Task statement | Where an entry below contains an image, skip the image and copy the rest exactly.

Data for review |
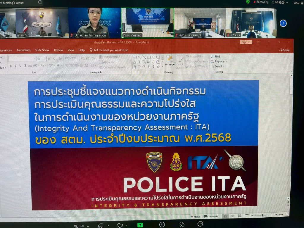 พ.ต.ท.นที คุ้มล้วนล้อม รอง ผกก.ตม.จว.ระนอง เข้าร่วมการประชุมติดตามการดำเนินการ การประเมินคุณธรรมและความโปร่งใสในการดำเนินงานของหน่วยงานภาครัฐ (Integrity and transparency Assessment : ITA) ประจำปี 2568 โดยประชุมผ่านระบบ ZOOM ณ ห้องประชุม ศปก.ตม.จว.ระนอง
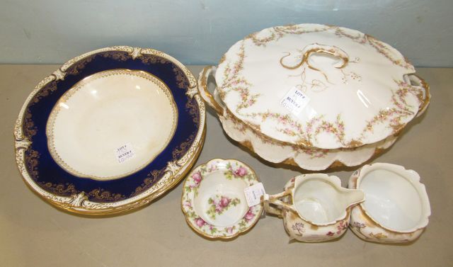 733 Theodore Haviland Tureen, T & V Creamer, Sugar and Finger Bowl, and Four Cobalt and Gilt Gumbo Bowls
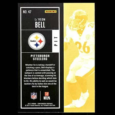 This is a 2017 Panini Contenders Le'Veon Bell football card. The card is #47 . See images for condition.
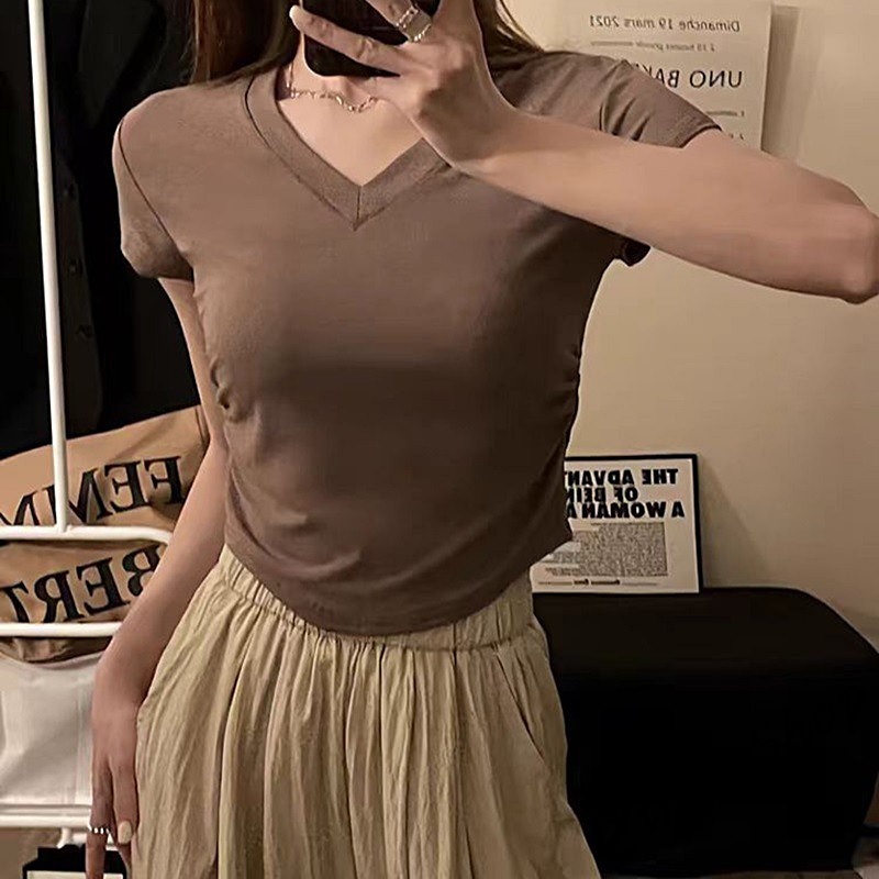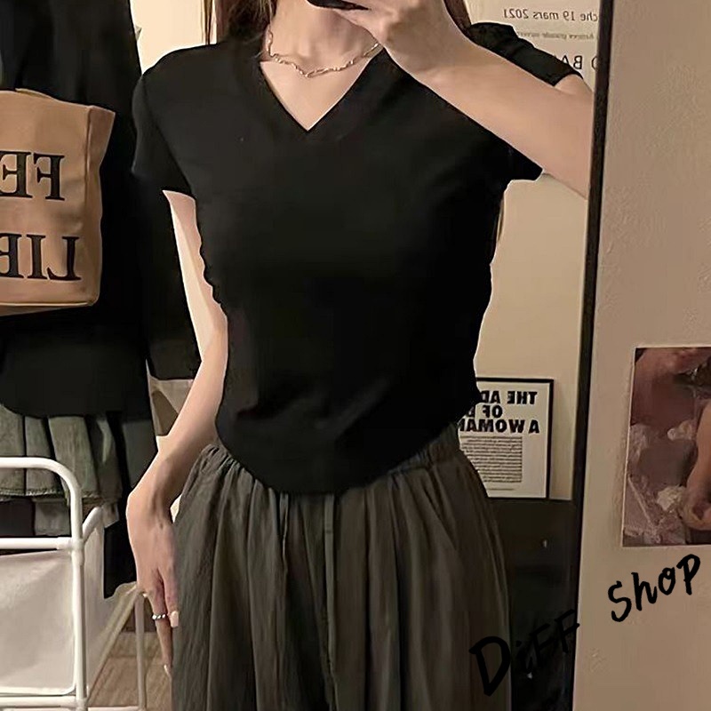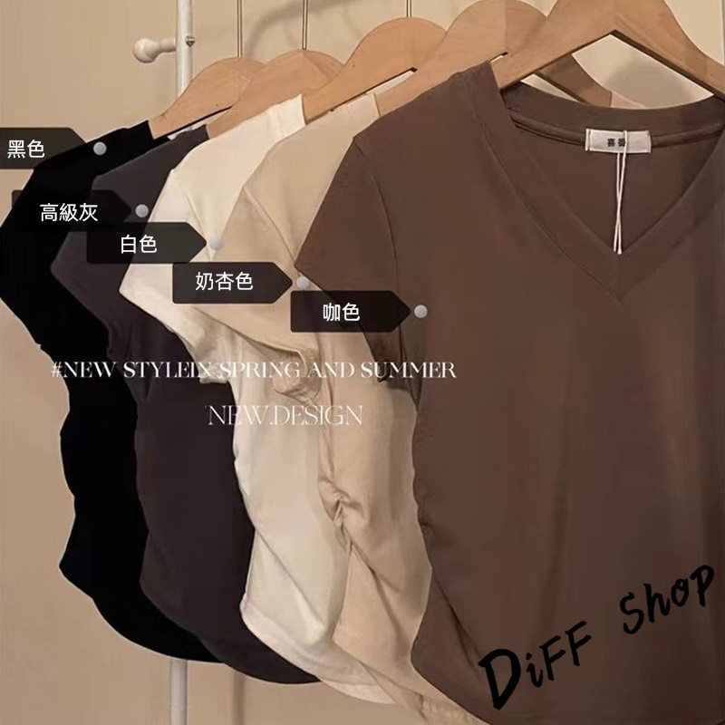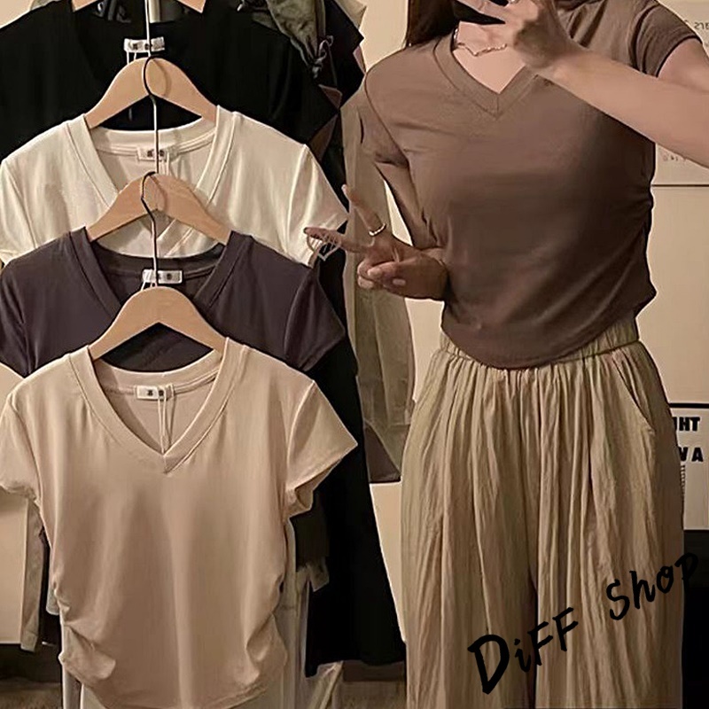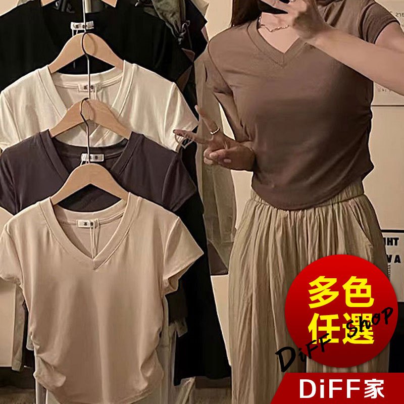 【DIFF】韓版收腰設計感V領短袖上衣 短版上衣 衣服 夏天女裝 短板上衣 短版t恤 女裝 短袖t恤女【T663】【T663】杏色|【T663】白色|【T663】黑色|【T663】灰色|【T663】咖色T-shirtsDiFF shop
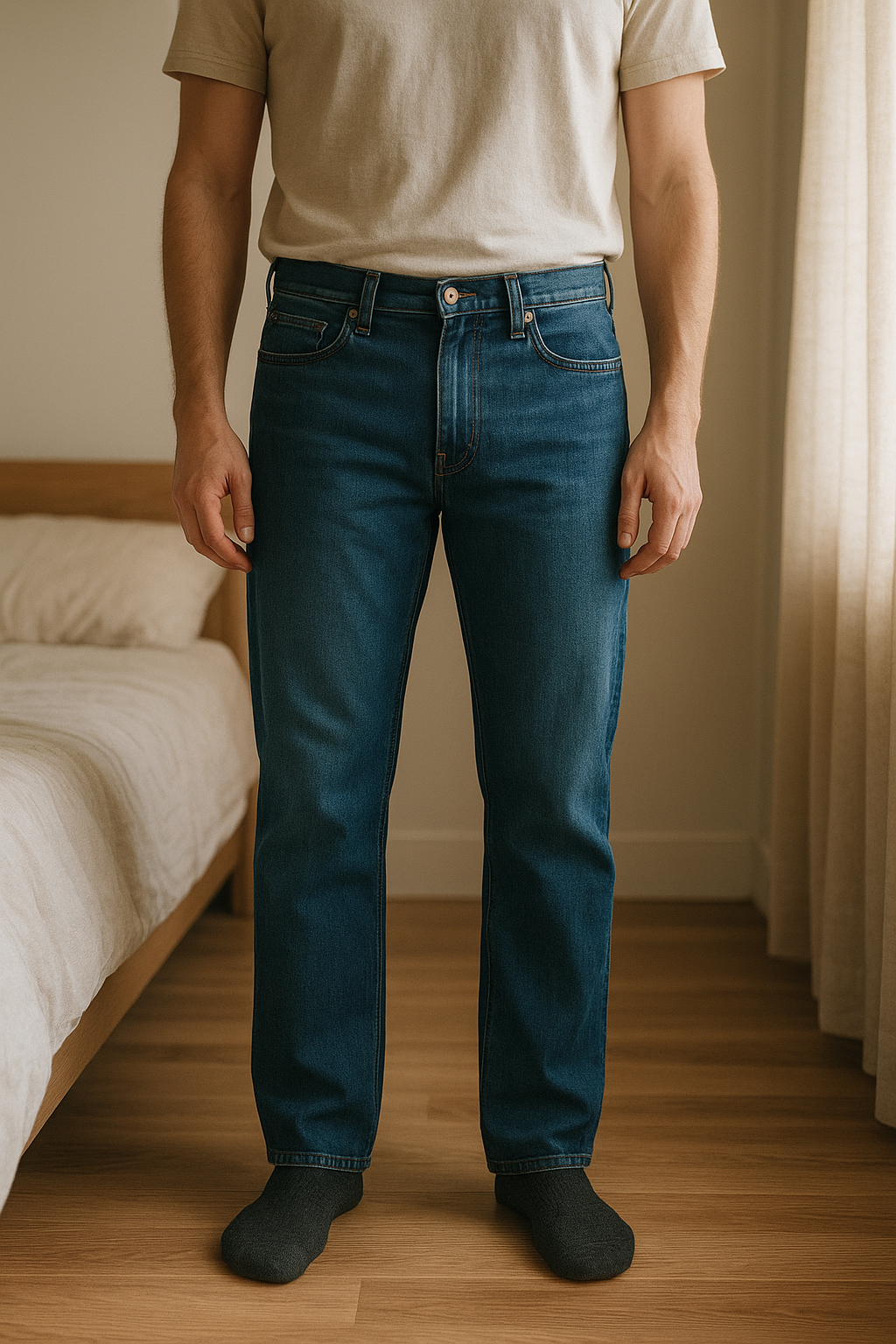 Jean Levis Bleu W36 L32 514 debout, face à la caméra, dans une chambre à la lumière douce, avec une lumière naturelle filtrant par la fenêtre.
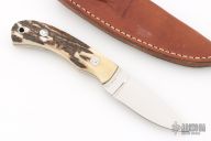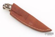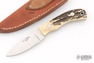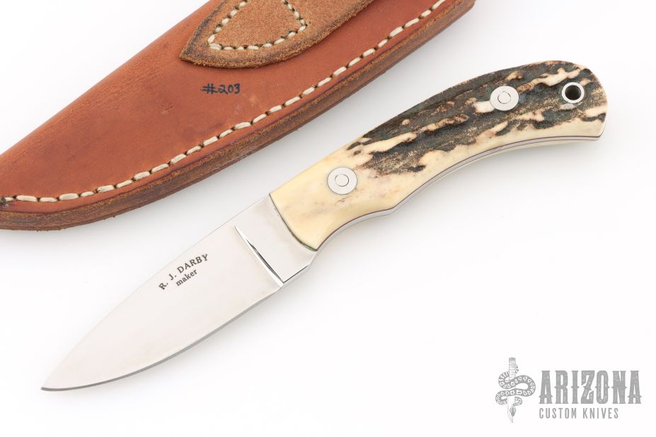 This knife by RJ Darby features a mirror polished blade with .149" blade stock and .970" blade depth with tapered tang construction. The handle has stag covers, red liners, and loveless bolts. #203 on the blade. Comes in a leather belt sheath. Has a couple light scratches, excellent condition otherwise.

Solution |
 พ.ต.ท.นที คุ้มล้วนล้อม รอง ผกก.ตม.จว.ระนอง เข้าร่วมการประชุมติดตามการดำเนินการ การประเมินคุณธรรมและความโปร่งใสในการดำเนินงานของหน่วยงานภาครัฐ (Integrity and transparency Assessment : ITA) ประจำปี 2568 โดยประชุมผ่านระบบ ZOOM ณ ห้องประชุม ศปก.ตม.จว.ระนอง
 733 Theodore Haviland Tureen, T & V Creamer, Sugar and Finger Bowl, and Four Cobalt and Gilt Gumbo Bowls
 This is a 2017 Panini Contenders Le'Veon Bell football card. The card is #47 . See images for condition.
 【DIFF】韓版收腰設計感V領短袖上衣 短版上衣 衣服 夏天女裝 短板上衣 短版t恤 女裝 短袖t恤女【T663】【T663】杏色|【T663】白色|【T663】黑色|【T663】灰色|【T663】咖色T-shirtsDiFF shop
 Jean Levis Bleu W36 L32 514 debout, face à la caméra, dans une chambre à la lumière douce, avec une lumière naturelle filtrant par la fenêtre.
 This knife by RJ Darby features a mirror polished blade with .149" blade stock and .970" blade depth with tapered tang construction. The handle has stag covers, red liners, and loveless bolts. #203 on the blade. Comes in a leather belt sheath. Has a couple light scratches, excellent condition otherwise.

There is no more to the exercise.